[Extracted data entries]
━━━━━━━━━━━━━━━━━━━━━━━━━━━━━━

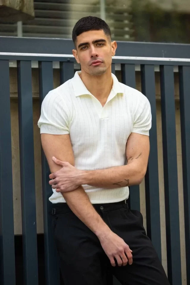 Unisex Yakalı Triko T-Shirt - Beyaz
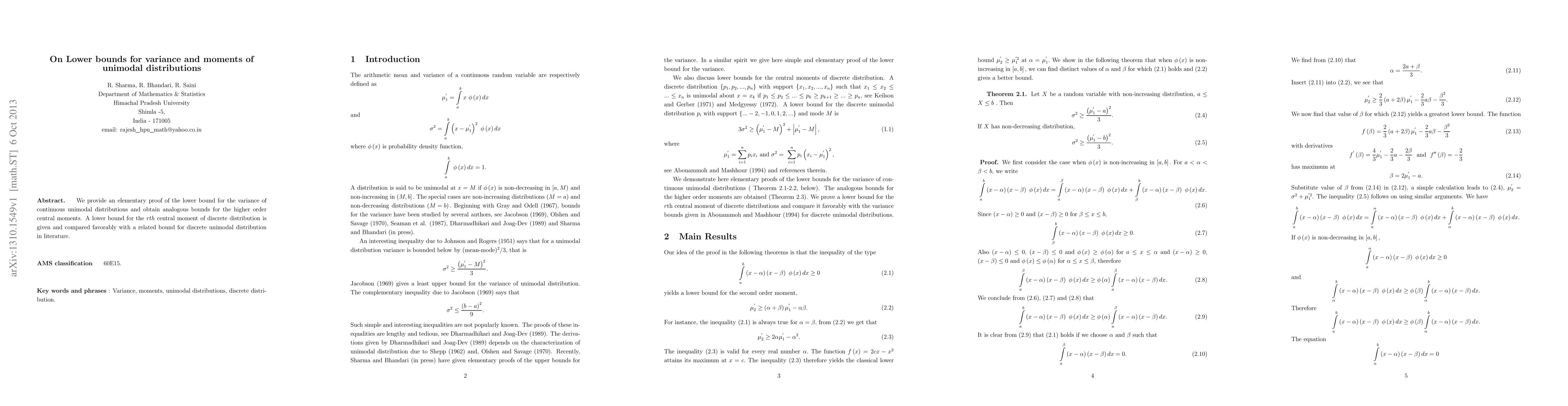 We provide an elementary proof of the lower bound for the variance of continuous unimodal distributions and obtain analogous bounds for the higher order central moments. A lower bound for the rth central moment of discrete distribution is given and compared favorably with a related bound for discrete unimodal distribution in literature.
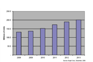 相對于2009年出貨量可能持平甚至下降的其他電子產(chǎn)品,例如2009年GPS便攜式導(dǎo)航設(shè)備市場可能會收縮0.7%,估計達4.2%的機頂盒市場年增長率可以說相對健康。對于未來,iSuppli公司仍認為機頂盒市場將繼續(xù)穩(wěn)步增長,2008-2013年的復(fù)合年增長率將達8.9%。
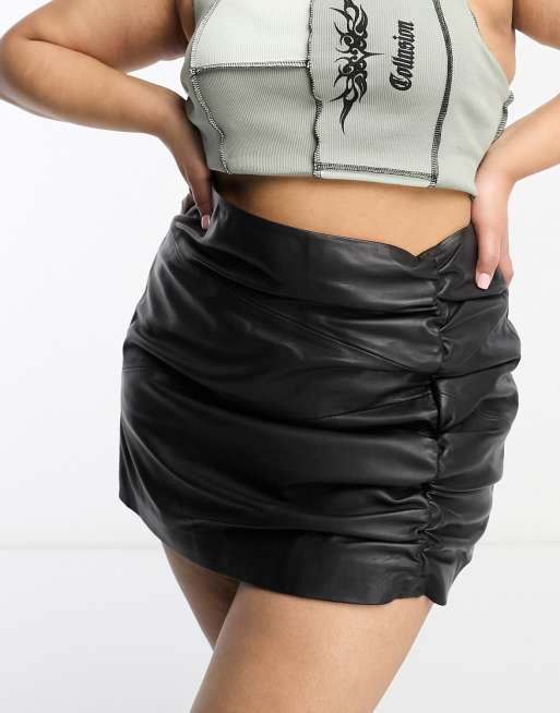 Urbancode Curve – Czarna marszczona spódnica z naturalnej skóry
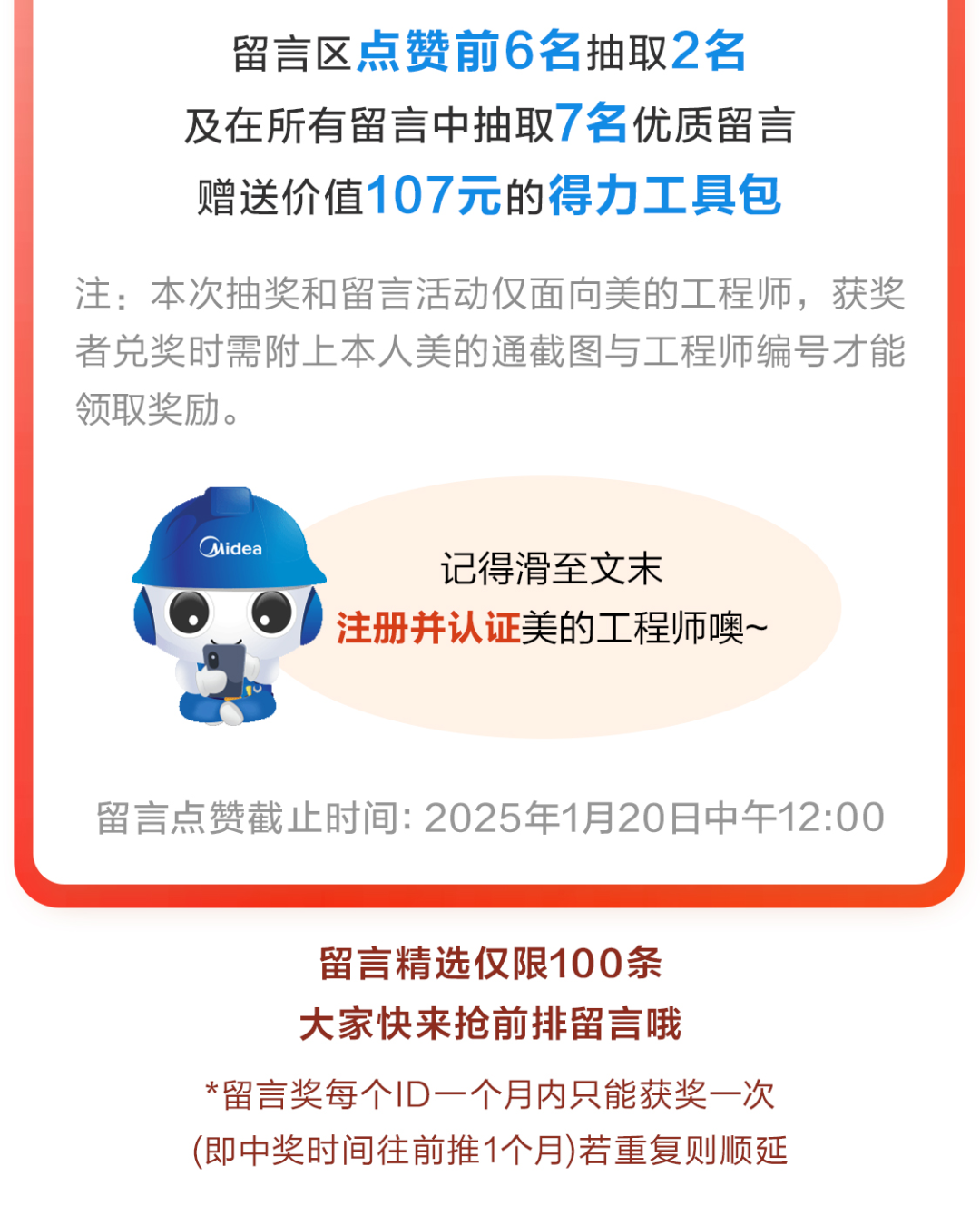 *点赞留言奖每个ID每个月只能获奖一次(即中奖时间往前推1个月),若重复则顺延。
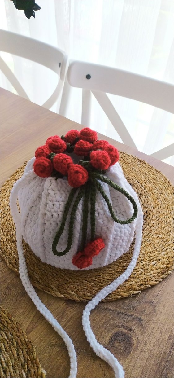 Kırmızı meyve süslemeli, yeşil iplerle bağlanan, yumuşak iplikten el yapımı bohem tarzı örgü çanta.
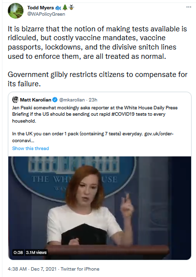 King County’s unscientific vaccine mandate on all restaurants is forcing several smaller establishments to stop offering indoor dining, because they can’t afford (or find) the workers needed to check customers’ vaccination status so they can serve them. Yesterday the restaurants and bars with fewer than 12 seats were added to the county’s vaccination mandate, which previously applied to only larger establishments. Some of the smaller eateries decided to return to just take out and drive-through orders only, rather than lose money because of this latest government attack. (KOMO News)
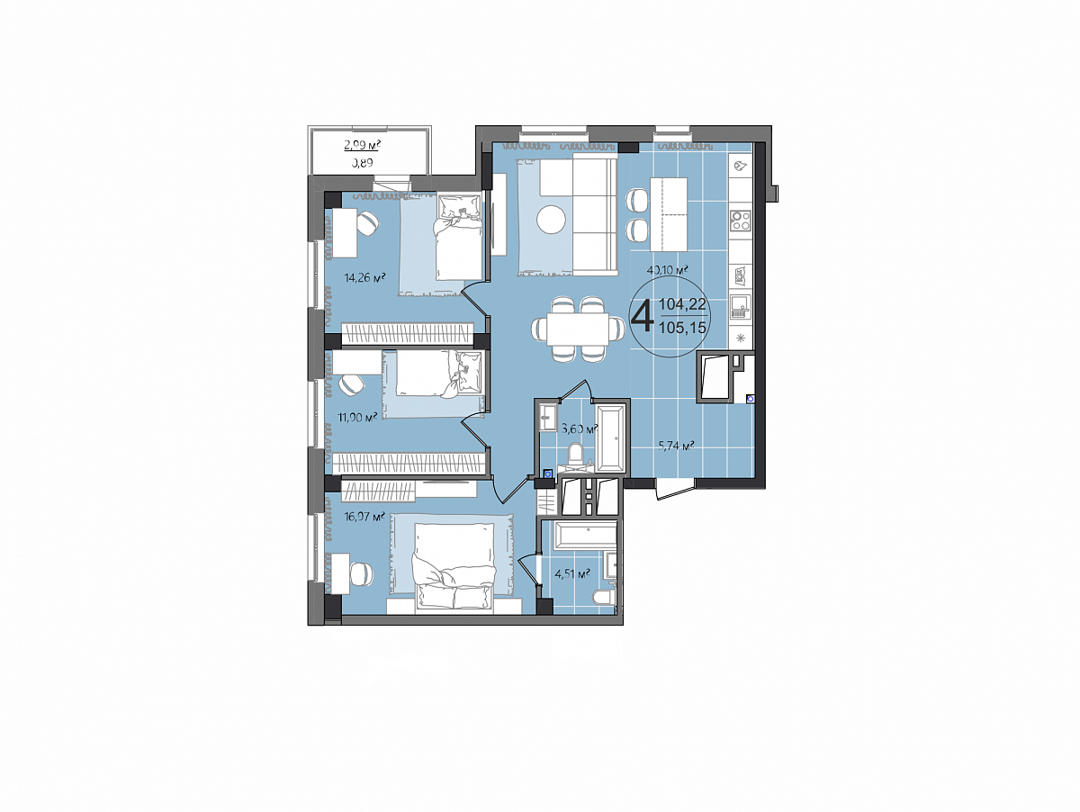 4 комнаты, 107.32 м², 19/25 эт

━━━━━━━━━━━━━━━━━━━━━━━━━━━━━━

__Work instructions__
Would you please copy, exactly and only, the lines from the one with "King County’s unscientific" through the end of the entries above, skipping every picture?

__Output for this task__
 King County’s unscientific vaccine mandate on all restaurants is forcing several smaller establishments to stop offering indoor dining, because they can’t afford (or find) the workers needed to check customers’ vaccination status so they can serve them. Yesterday the restaurants and bars with fewer than 12 seats were added to the county’s vaccination mandate, which previously applied to only larger establishments. Some of the smaller eateries decided to return to just take out and drive-through orders only, rather than lose money because of this latest government attack. (KOMO News)
 4 комнаты, 107.32 м², 19/25 эт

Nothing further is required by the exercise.